| Your assignment |
The response should consist of every line below, restated exactly, with no pictures.

(Entries taken from a collection)
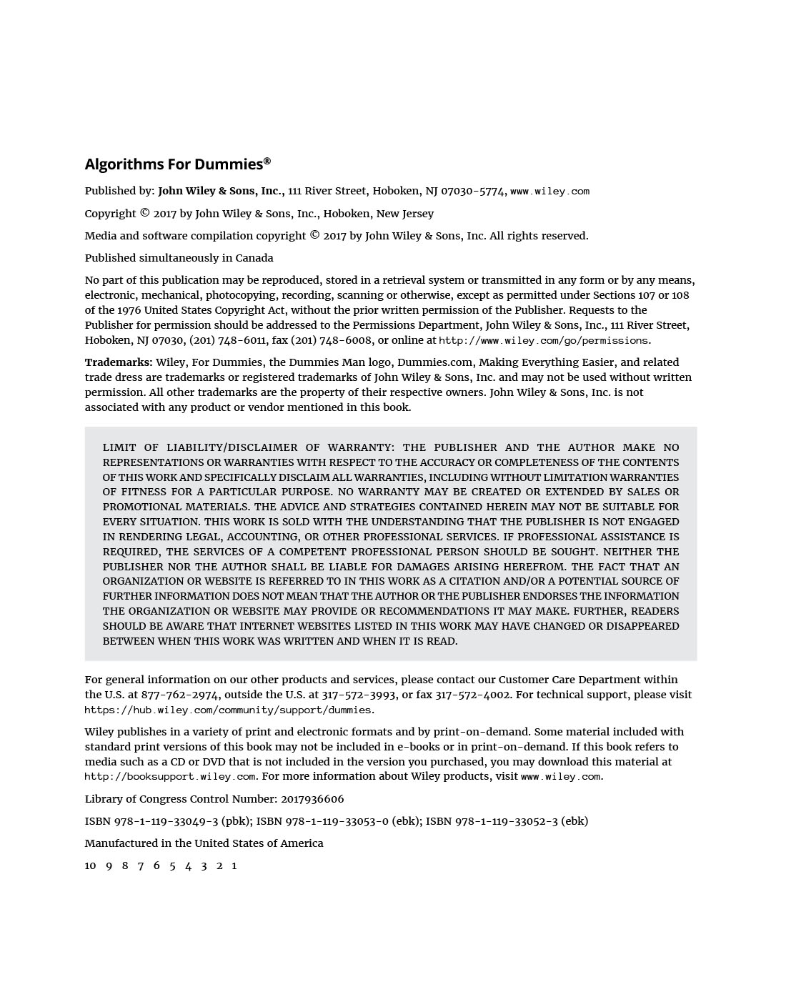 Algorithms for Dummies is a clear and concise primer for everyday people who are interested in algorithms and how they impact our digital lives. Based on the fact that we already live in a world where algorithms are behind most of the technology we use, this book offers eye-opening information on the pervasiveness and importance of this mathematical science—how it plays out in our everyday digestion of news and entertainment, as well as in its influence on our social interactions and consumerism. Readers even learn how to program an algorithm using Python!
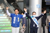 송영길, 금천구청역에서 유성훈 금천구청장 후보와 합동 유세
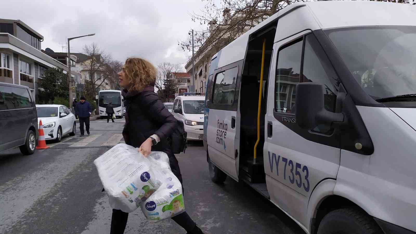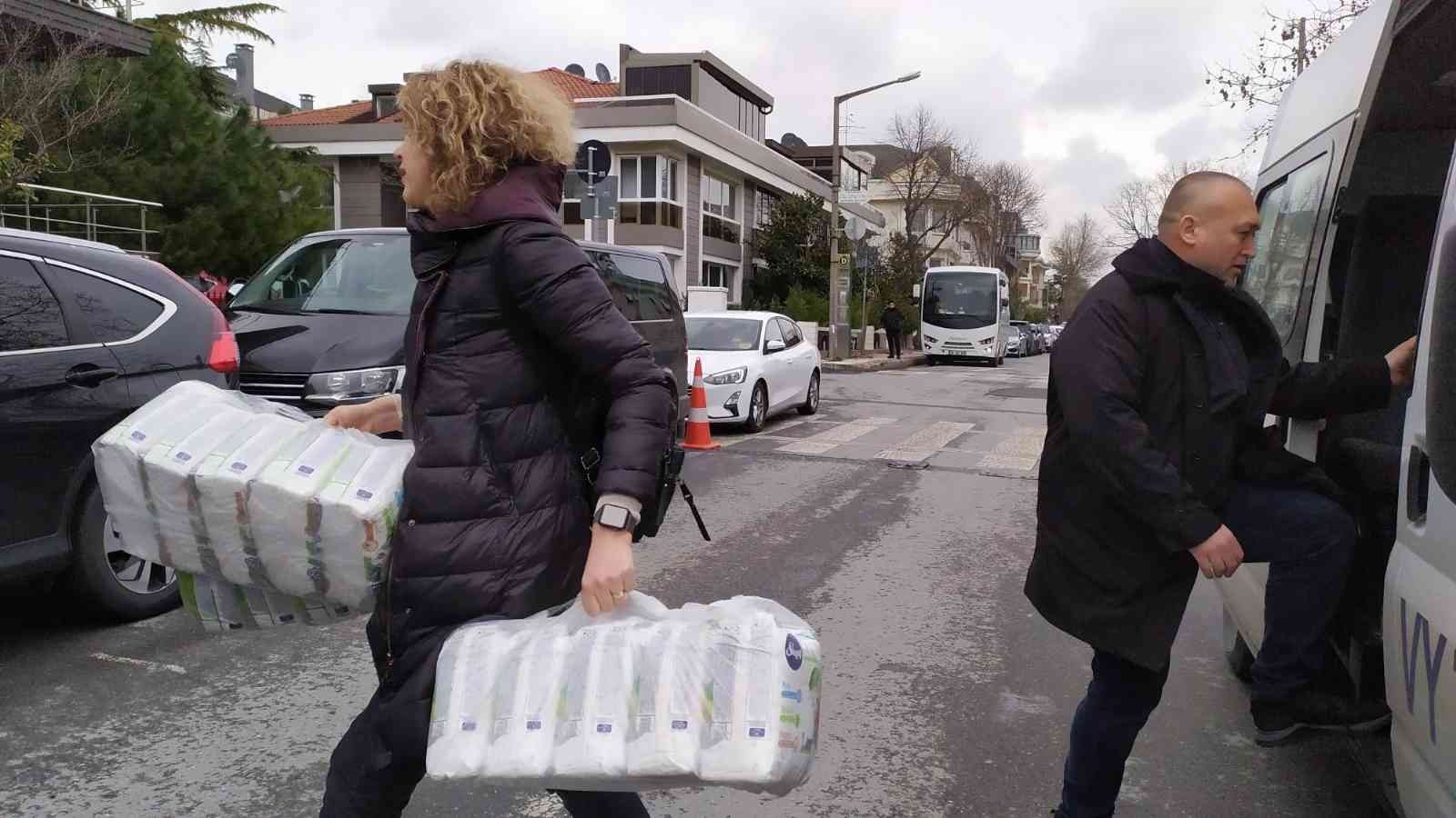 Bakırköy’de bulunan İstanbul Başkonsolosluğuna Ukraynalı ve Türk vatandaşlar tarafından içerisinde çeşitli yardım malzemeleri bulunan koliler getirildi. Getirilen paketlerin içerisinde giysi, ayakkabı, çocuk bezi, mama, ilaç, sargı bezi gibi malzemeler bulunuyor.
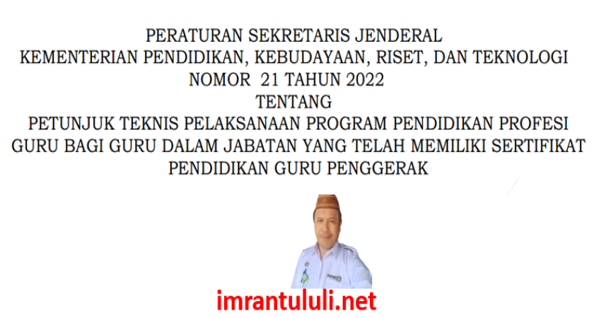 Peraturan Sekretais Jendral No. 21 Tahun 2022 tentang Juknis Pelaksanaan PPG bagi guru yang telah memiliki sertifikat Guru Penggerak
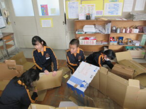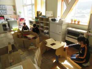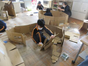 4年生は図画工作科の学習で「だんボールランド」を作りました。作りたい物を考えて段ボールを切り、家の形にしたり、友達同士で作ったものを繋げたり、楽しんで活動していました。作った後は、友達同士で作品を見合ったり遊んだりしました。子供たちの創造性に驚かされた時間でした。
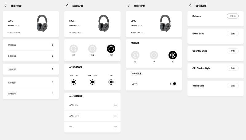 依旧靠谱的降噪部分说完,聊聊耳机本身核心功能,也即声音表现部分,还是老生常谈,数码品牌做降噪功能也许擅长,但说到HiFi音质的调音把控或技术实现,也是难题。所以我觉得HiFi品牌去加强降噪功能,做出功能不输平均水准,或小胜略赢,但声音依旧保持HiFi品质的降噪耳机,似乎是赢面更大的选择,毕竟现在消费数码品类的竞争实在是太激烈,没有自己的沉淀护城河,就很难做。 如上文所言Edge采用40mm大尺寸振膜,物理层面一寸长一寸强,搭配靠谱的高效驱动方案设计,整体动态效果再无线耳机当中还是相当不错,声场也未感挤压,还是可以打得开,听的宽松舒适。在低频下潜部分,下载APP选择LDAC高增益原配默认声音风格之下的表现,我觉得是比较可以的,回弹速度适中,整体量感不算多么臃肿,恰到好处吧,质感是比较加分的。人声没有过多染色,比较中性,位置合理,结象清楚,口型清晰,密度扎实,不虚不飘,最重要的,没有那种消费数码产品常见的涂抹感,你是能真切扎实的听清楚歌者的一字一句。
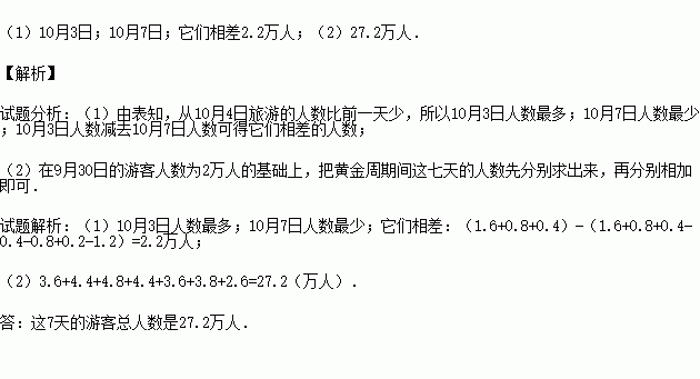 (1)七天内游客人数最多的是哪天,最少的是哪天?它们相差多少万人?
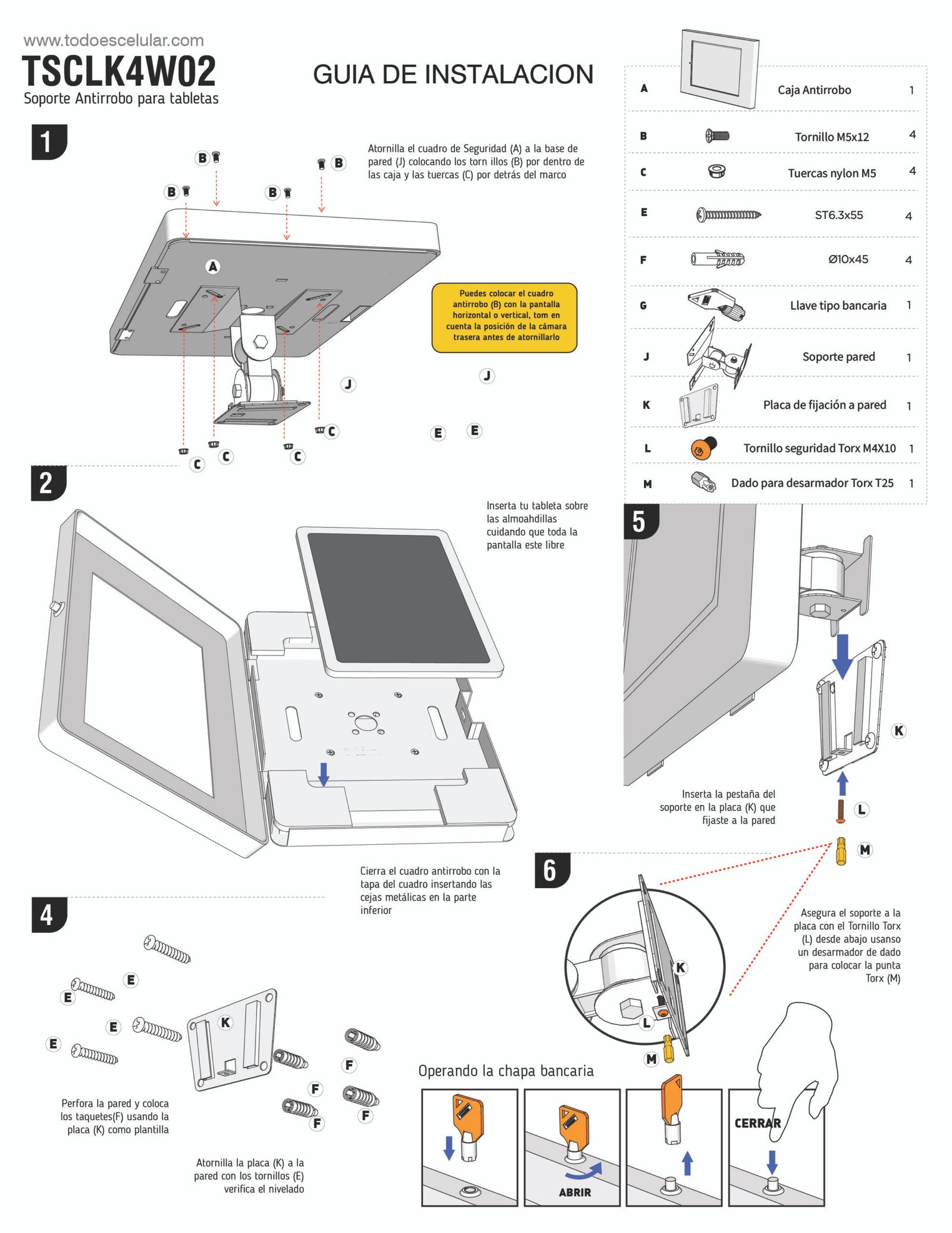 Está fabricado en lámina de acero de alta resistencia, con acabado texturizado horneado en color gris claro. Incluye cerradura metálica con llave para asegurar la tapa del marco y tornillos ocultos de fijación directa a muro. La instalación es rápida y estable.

| Result |
 Algorithms for Dummies is a clear and concise primer for everyday people who are interested in algorithms and how they impact our digital lives. Based on the fact that we already live in a world where algorithms are behind most of the technology we use, this book offers eye-opening information on the pervasiveness and importance of this mathematical science—how it plays out in our everyday digestion of news and entertainment, as well as in its influence on our social interactions and consumerism. Readers even learn how to program an algorithm using Python!
 송영길, 금천구청역에서 유성훈 금천구청장 후보와 합동 유세
 Bakırköy’de bulunan İstanbul Başkonsolosluğuna Ukraynalı ve Türk vatandaşlar tarafından içerisinde çeşitli yardım malzemeleri bulunan koliler getirildi. Getirilen paketlerin içerisinde giysi, ayakkabı, çocuk bezi, mama, ilaç, sargı bezi gibi malzemeler bulunuyor.
 Peraturan Sekretais Jendral No. 21 Tahun 2022 tentang Juknis Pelaksanaan PPG bagi guru yang telah memiliki sertifikat Guru Penggerak
 4年生は図画工作科の学習で「だんボールランド」を作りました。作りたい物を考えて段ボールを切り、家の形にしたり、友達同士で作ったものを繋げたり、楽しんで活動していました。作った後は、友達同士で作品を見合ったり遊んだりしました。子供たちの創造性に驚かされた時間でした。
 依旧靠谱的降噪部分说完,聊聊耳机本身核心功能,也即声音表现部分,还是老生常谈,数码品牌做降噪功能也许擅长,但说到HiFi音质的调音把控或技术实现,也是难题。所以我觉得HiFi品牌去加强降噪功能,做出功能不输平均水准,或小胜略赢,但声音依旧保持HiFi品质的降噪耳机,似乎是赢面更大的选择,毕竟现在消费数码品类的竞争实在是太激烈,没有自己的沉淀护城河,就很难做。 如上文所言Edge采用40mm大尺寸振膜,物理层面一寸长一寸强,搭配靠谱的高效驱动方案设计,整体动态效果再无线耳机当中还是相当不错,声场也未感挤压,还是可以打得开,听的宽松舒适。在低频下潜部分,下载APP选择LDAC高增益原配默认声音风格之下的表现,我觉得是比较可以的,回弹速度适中,整体量感不算多么臃肿,恰到好处吧,质感是比较加分的。人声没有过多染色,比较中性,位置合理,结象清楚,口型清晰,密度扎实,不虚不飘,最重要的,没有那种消费数码产品常见的涂抹感,你是能真切扎实的听清楚歌者的一字一句。
 (1)七天内游客人数最多的是哪天,最少的是哪天?它们相差多少万人?
 Está fabricado en lámina de acero de alta resistencia, con acabado texturizado horneado en color gris claro. Incluye cerradura metálica con llave para asegurar la tapa del marco y tornillos ocultos de fijación directa a muro. La instalación es rápida y estable.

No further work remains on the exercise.